▶ _Recorded data_
# # # # #
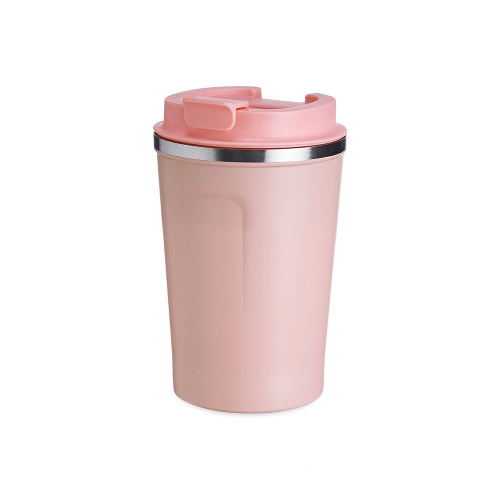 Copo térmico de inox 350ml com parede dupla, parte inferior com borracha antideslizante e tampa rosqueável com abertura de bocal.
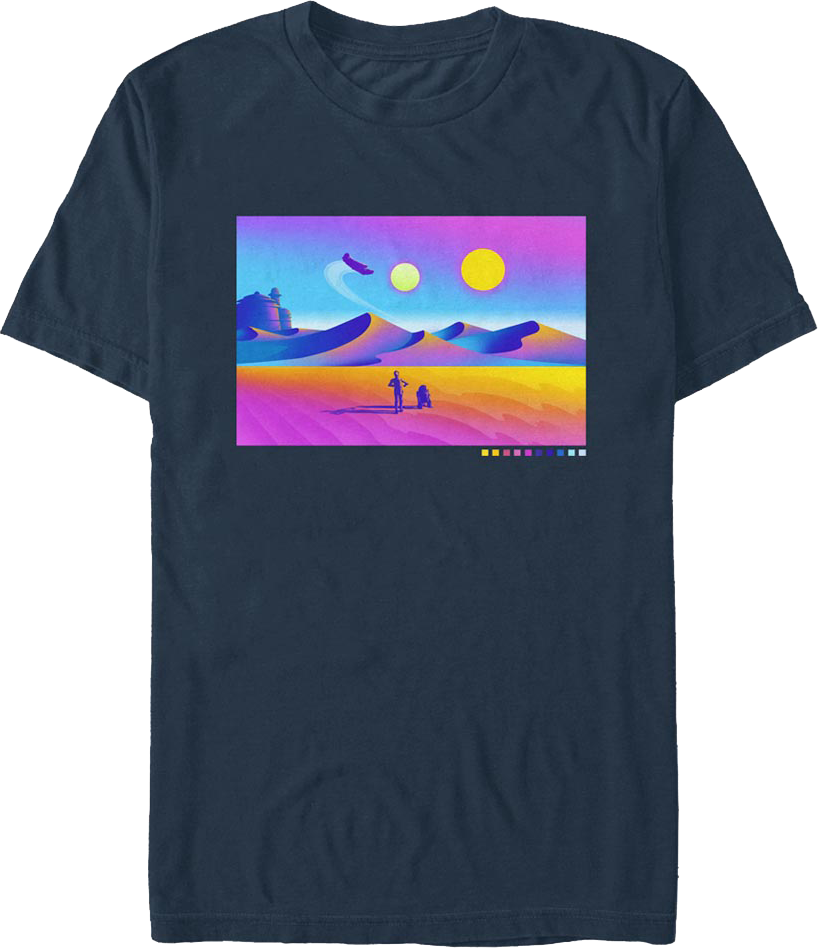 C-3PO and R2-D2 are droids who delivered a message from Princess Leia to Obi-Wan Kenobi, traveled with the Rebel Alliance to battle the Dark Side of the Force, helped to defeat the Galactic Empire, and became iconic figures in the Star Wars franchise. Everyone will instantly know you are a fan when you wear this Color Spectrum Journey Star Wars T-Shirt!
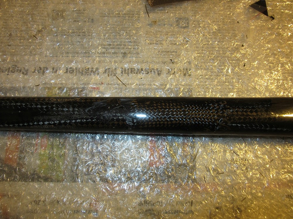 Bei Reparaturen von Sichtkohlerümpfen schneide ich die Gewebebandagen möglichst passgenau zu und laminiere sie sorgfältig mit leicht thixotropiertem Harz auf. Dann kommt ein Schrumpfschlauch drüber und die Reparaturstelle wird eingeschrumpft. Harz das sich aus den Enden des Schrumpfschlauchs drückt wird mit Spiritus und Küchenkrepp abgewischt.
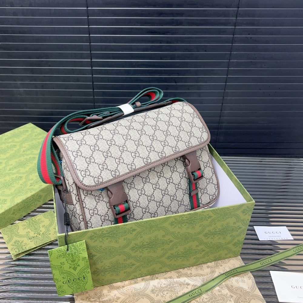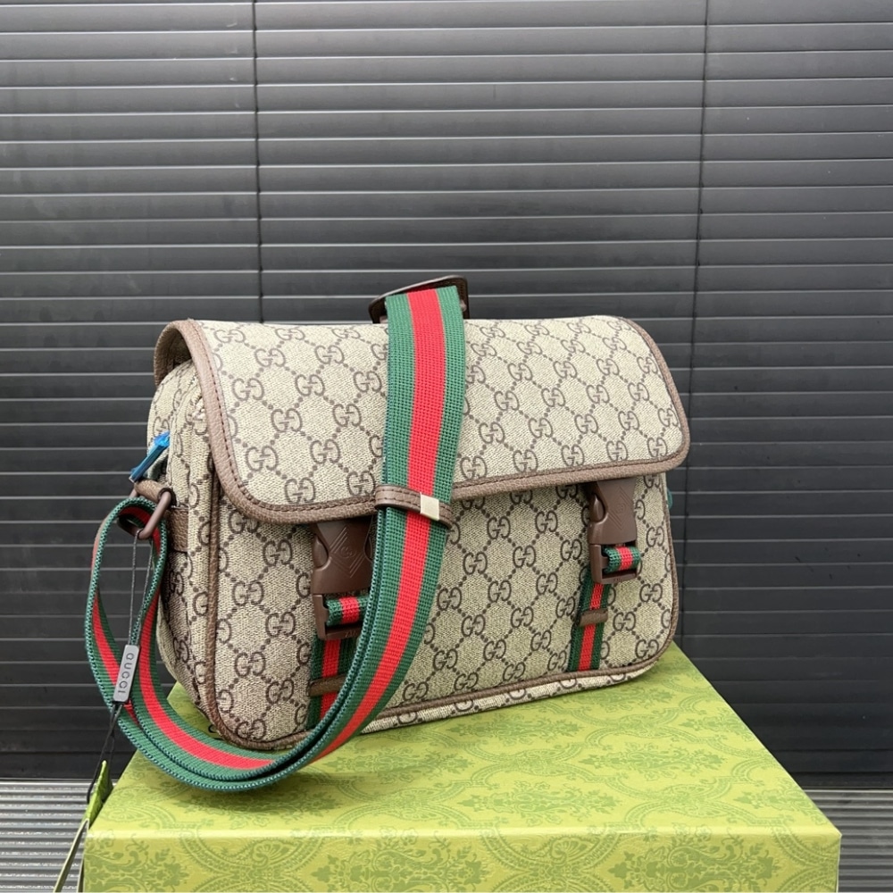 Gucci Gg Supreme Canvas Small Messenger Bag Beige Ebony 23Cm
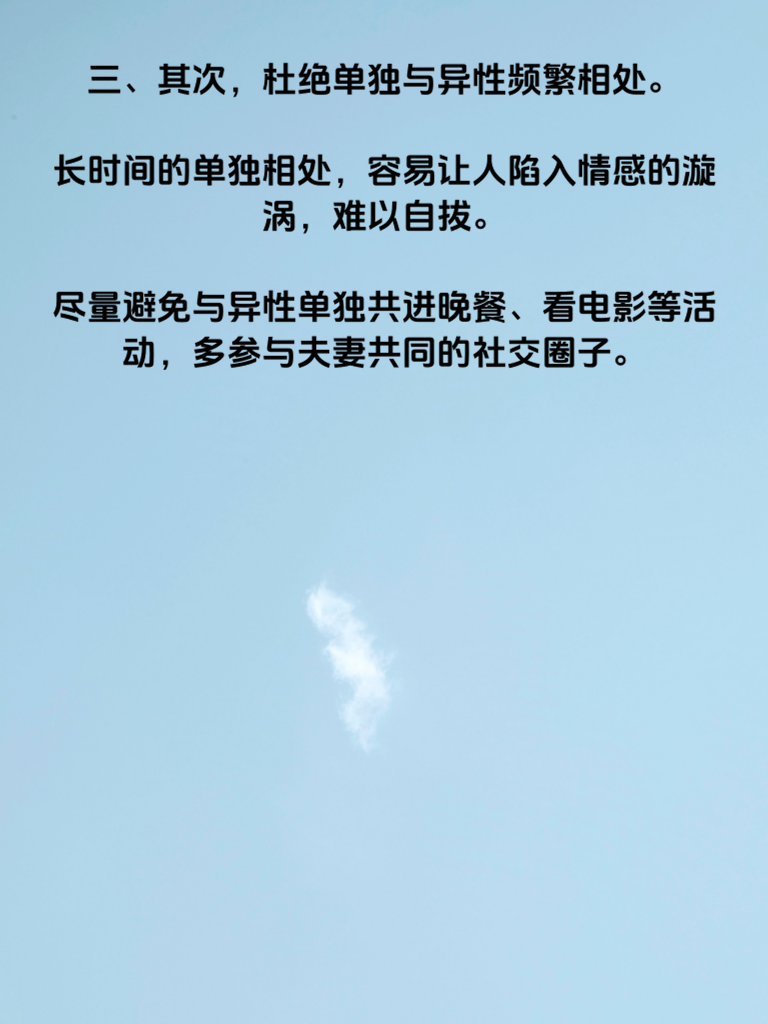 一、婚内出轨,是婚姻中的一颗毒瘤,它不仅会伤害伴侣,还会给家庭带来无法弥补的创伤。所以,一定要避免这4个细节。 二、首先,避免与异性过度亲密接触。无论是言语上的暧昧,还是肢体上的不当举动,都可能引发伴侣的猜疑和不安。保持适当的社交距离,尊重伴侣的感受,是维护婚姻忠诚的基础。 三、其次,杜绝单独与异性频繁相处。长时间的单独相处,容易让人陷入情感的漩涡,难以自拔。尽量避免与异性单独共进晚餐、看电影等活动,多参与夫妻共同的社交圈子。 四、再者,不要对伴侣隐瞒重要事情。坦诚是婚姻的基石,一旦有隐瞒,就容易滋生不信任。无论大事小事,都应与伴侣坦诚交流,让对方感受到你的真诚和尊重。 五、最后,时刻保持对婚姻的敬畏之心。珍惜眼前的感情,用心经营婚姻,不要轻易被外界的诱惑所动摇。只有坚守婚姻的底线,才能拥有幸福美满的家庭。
# # # # #
Quote the preceding listing precisely and completely, omitting its images.

 Copo térmico de inox 350ml com parede dupla, parte inferior com borracha antideslizante e tampa rosqueável com abertura de bocal.
 C-3PO and R2-D2 are droids who delivered a message from Princess Leia to Obi-Wan Kenobi, traveled with the Rebel Alliance to battle the Dark Side of the Force, helped to defeat the Galactic Empire, and became iconic figures in the Star Wars franchise. Everyone will instantly know you are a fan when you wear this Color Spectrum Journey Star Wars T-Shirt!
 Bei Reparaturen von Sichtkohlerümpfen schneide ich die Gewebebandagen möglichst passgenau zu und laminiere sie sorgfältig mit leicht thixotropiertem Harz auf. Dann kommt ein Schrumpfschlauch drüber und die Reparaturstelle wird eingeschrumpft. Harz das sich aus den Enden des Schrumpfschlauchs drückt wird mit Spiritus und Küchenkrepp abgewischt.
 Gucci Gg Supreme Canvas Small Messenger Bag Beige Ebony 23Cm
 一、婚内出轨,是婚姻中的一颗毒瘤,它不仅会伤害伴侣,还会给家庭带来无法弥补的创伤。所以,一定要避免这4个细节。 二、首先,避免与异性过度亲密接触。无论是言语上的暧昧,还是肢体上的不当举动,都可能引发伴侣的猜疑和不安。保持适当的社交距离,尊重伴侣的感受,是维护婚姻忠诚的基础。 三、其次,杜绝单独与异性频繁相处。长时间的单独相处,容易让人陷入情感的漩涡,难以自拔。尽量避免与异性单独共进晚餐、看电影等活动,多参与夫妻共同的社交圈子。 四、再者,不要对伴侣隐瞒重要事情。坦诚是婚姻的基石,一旦有隐瞒,就容易滋生不信任。无论大事小事,都应与伴侣坦诚交流,让对方感受到你的真诚和尊重。 五、最后,时刻保持对婚姻的敬畏之心。珍惜眼前的感情,用心经营婚姻,不要轻易被外界的诱惑所动摇。只有坚守婚姻的底线,才能拥有幸福美满的家庭。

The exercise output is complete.